Does all work and no play make Jack a dull boy?
Prolific romance novelist Danielle Steel recently announced that the secret of her success is some 20-to-22-hour work days at the ripe old age of 71.
In her interview with Glamour, she remarks that when she starts a book, she doesn't leave her desk until the first draft is finished. A gruelling process in which incessant typing causes until her fingers to swell, her nails to bleed and “every muscle is shrieking”.
In a world where sleep-aiding medications are among those most frequently requested by physicians, is Steel worthy of role model status by, quite literally, working all the hours God sends?
Burnout Culture (or the #hustle, as The New York Times affectionately calls it) is the endurance test millennials are currently abiding in their professional lives, characterised by emotional exhaustion, cynicism and anxious ineffectiveness within the workplace.
Clocking in some 16 hours daily, the younger generation is apparently looking to fill the void now that religion is no longer prevalent and politics is streamlined with hate.
The phenomenon was once typically associated with high-intensity jobs just as brain surgeons or fighter pilots but is now creeping into blue-collar narrative as mere laypeople are feeling the brunt now more than ever.
It would be easy to say that this is solely the work of technology. That 24/7 communication accessibility to colleagues and superiors blurs the lines of quitting time. However, a shift in structure seems more probable.
Work has evolved from a necessity to a means of identity – and for some, a search for meaning.
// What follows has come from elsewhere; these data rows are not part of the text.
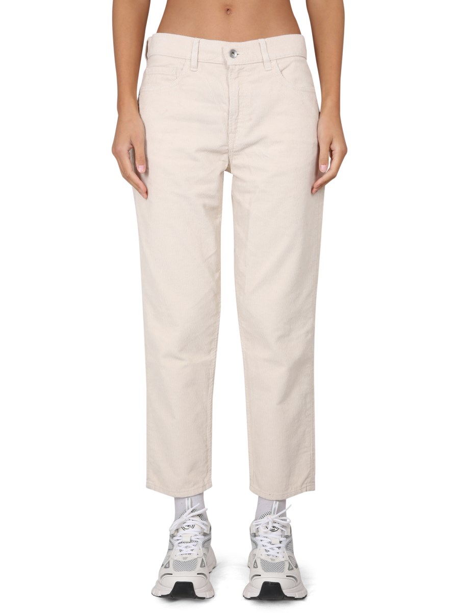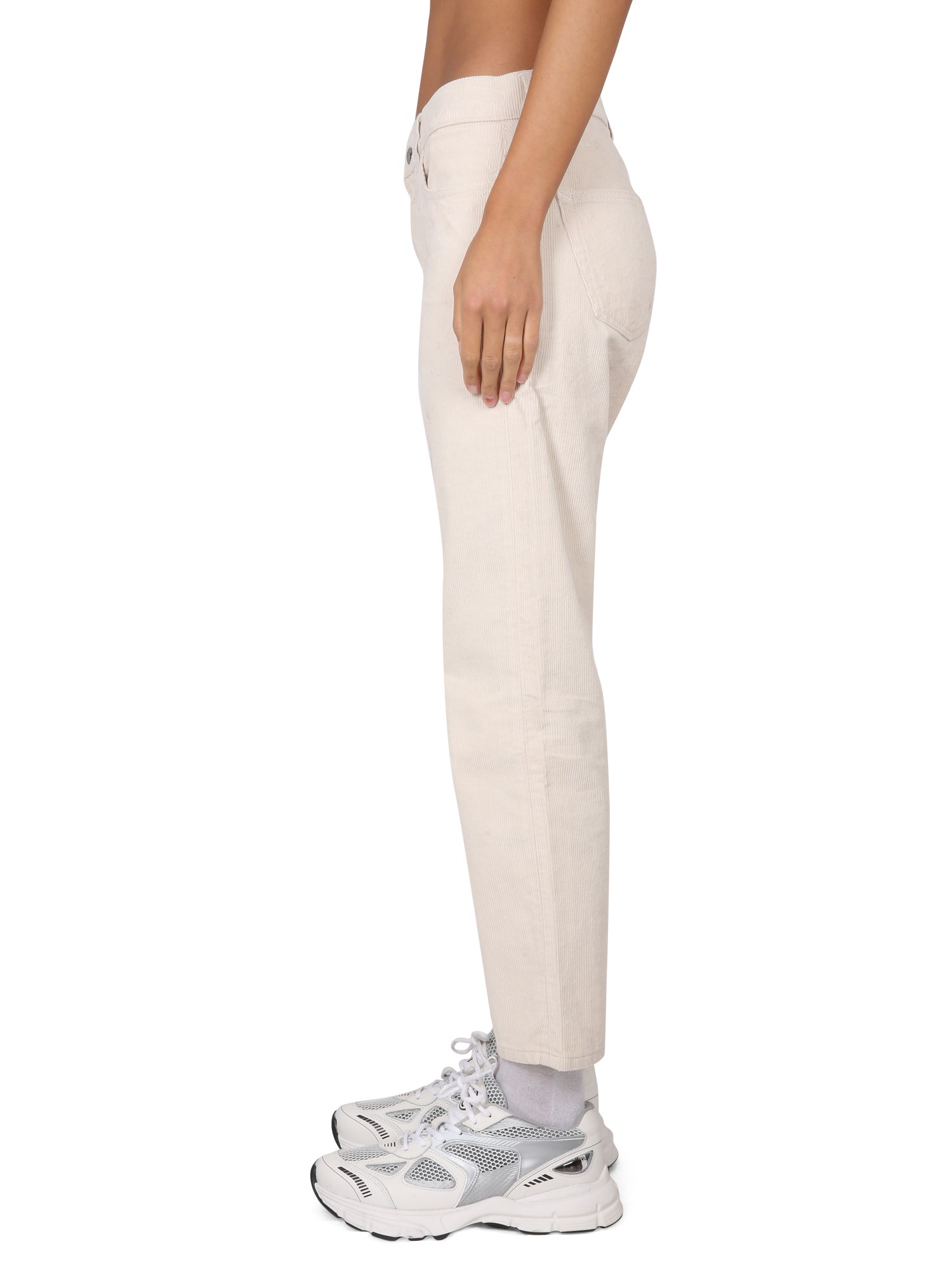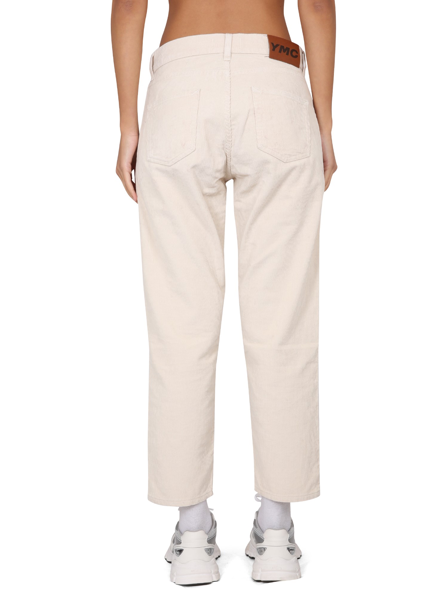 They are YMC jeans with five front pockets and standard waist size. They are constructed out of cozy cotton denim. These jeans have a straight leg, a high rise, and five pockets. They can be dressed up or down and are adaptable. They are quite comfortable to wear because they are both soft and stretchy.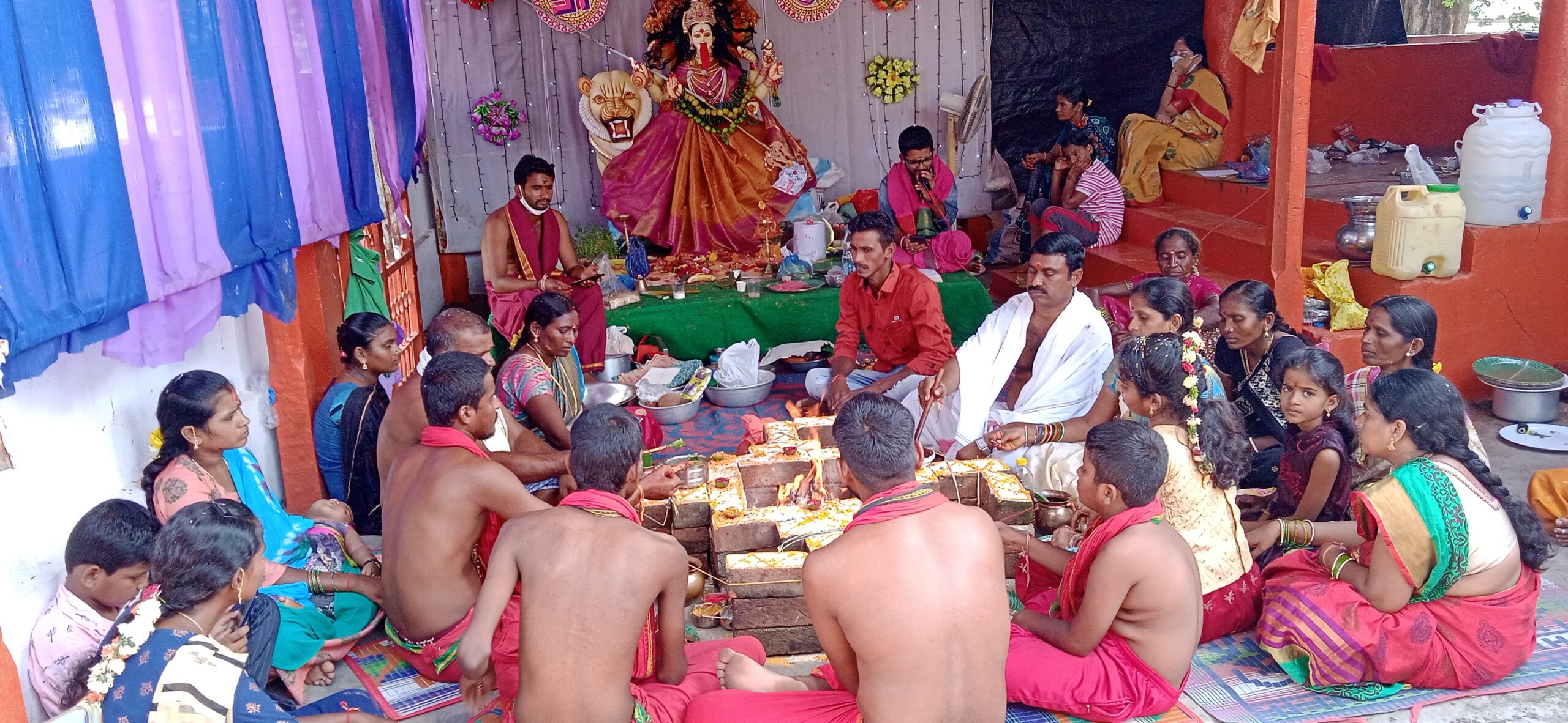 అగ్నిధార :ప్రతినిధి ‘హరి ఓం జై శ్రీ మాత్రే నమః శ్రీ మహాగౌర్యై నమః శ్రీ మహాలక్ష్మి అనుగ్రహం కార్యక్రమం లో భాగంగా అమ్మవారి నవరాత్రుల ఈరోజు నవదుర్గ కార్యక్రమాన్ని నిర్వహించుకుంటూ లక్ష్మీ దేవి హోమం దుర్గా హోమం రుద్ర హోమము ఈరోజు అమ్మవారి సన్నిధానంలో చేయడం జరిగినది అందుకుగాను గ్రామంలో పాడి పంటలు ఆయురారోగ్యాలు అష్టైశ్వర్యాలు భోగభాగ్యాల తో సుఖ సంతోషాలతో ఉండాలని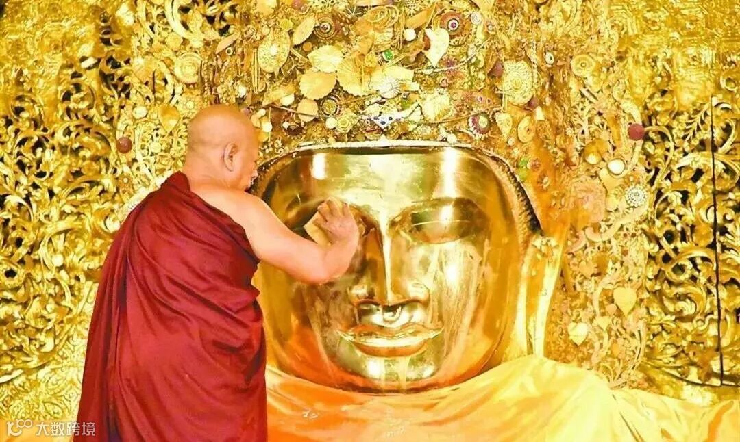 虔诚地为金色大佛擦洗脸颊

In the absence of anything to believe in, being idle is now deemed sacrilegious.
Fame and fortune are also being heralded as hierarchically exemplary and the introduction of image-based platforms (not to mention sensational mobile photo technology) is pressuring users to have more, show more and be more than ever.
However, when you relentlessly go the extra mile every day then eventually you run out of ground. Poor management practices that foster a culture of employee burnout also have significant potential ramifications in restricting business growth.
Tesla owner Elon Musk is a prime example of this, tweeting in November that there are easier places to work than Tesla, “but nobody ever changed the world on 40 hours a week.”
The correct number of hours “varies per person,” he continued, but is “about 80 sustained, peaking about 100 at times. Pain level increases exponentially above 80.”
This self-inflicted Darwinism is as unsustainable as it is grossly unsettling. It is also entirely responsible for the growing anxiety epidemic that's causing juveniles to wear the term 'control freak' on their sleeves.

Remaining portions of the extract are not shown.